Bueno, amaneció, tomamos café negro bien fuerte, nos despedimos y Ligia y yo nos fuimos a casa.
Después de esa conversación maratónica nos vimos varias veces, pero más de lejitos.  Pasaron muchos años, como quince, cuando asistí a un homenaje que le hacían en el Teresa Carreño.  Felipe Izcaray dirigió varias obras suyas, pero recuerdo sobre todo  el Himno de los Juegos Panamericanos, que tuvieron lugar durante el gobierno de Luis Herrera, y la premiada Marcha de la Radio Nacional, que no sé si la siguen tocando, porque hace trece años que no oigo esa emisora.  Me encuentro con Jesús Márquez, quien  me pregunta al rompe si alguna vez vi un documental que Rodolfo Izaguirre, entonces Director de la Cinemateca Nacional, presentó en el Programa de TVN5 Cinemateca del Aire sobre la vida de Leonard Bernstein y si me fijé en una foto que Bernstein mostraba de cuando él estudiaba con Koussevitzky...No lo dejé terminar.  ¡Sólo Chucho podía haberse fijado en ese detalle que yo pesqué por casualidad, porque dura sólo unos segundos!  En esa foto, la persona a quien Bernstein le pasa el brazo derecho por la espalda no es otra que Antonio Estévez.  Un hecho que puede parecer irrelevante, pero que a un estudioso de la historia de la música venezolana no le puede pasar desapercibido.  En el intermedio salimos corriendo a buscar a Antonio y se lo comentamos. Él no sabía nada de la aparición de la foto en el programa de Izaguirre.
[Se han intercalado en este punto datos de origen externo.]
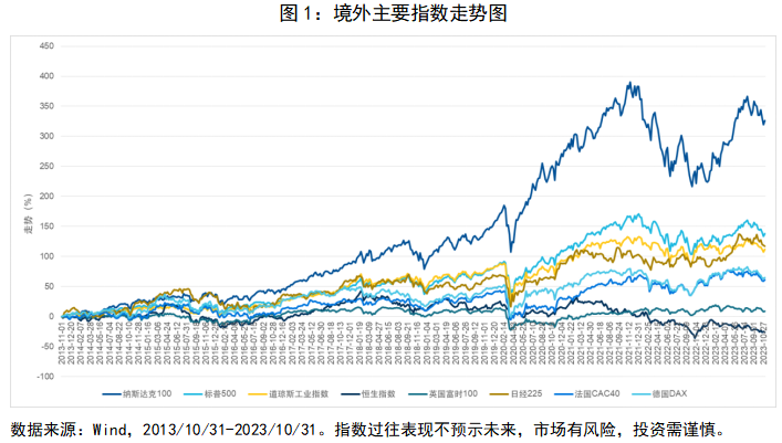 近些年,纳斯达克100指数(以下简称“纳指100”)的表现在一众境外指数中引人注目。从2013年10月31日到2023年10月31日的十年间,纳指100涨幅达326.35%,而同时期的标普500和道琼斯工业指数涨幅分别为138.06%和111.67%。

El 26 de noviembre de 1988 debo viajar urgentemente a Maracaibo.  Mi primo Julián, el hijo mayor de Ligia, ha fallecido el día anterior después de luchar valientemente por diez años contra un mieloma múltiple.  Mientras estamos acompañándola, alguien me hace llegar un ejemplar de El Nacional.  En primera página del cuerpo A, está la foto de Antonio. Falleció en la madrugada de ese día, lo que le dio tiempo al periódico para sacar una nota que, como sabemos, está prefabricada en las redacciones de todos los diarios. Veo a Ligia con toda la pesadumbre del dolor de la pérdida de su primogénito y no me atrevo a decirle lo de la muerte de Antonio Estévez. Más tarde se lo hice saber y la noticia la sorprendió y la afectó. Más tarde aún, quiero decir meses o años más tarde, pudimos volver a recordar aquella prolongada conversación que tuvimos con el Maestro, y reírnos a carcajadas de sus ocurrencias y desplantes, como aquella anécdota contada por un músico de la Sinfónica de la vez en que, después de interpretar el Preludio al Primer Acto de Lohengrin, de Wagner, Estévez, contrariado por una desafinación en las cuerdas, al cerrar el pianissimo, inclinado hacia adelante, de espaldas al público, pero de frente a los músicos y en voz bajísima les dijo:

-  "¡Le cae el coño de su madre a todos los primeros violines!"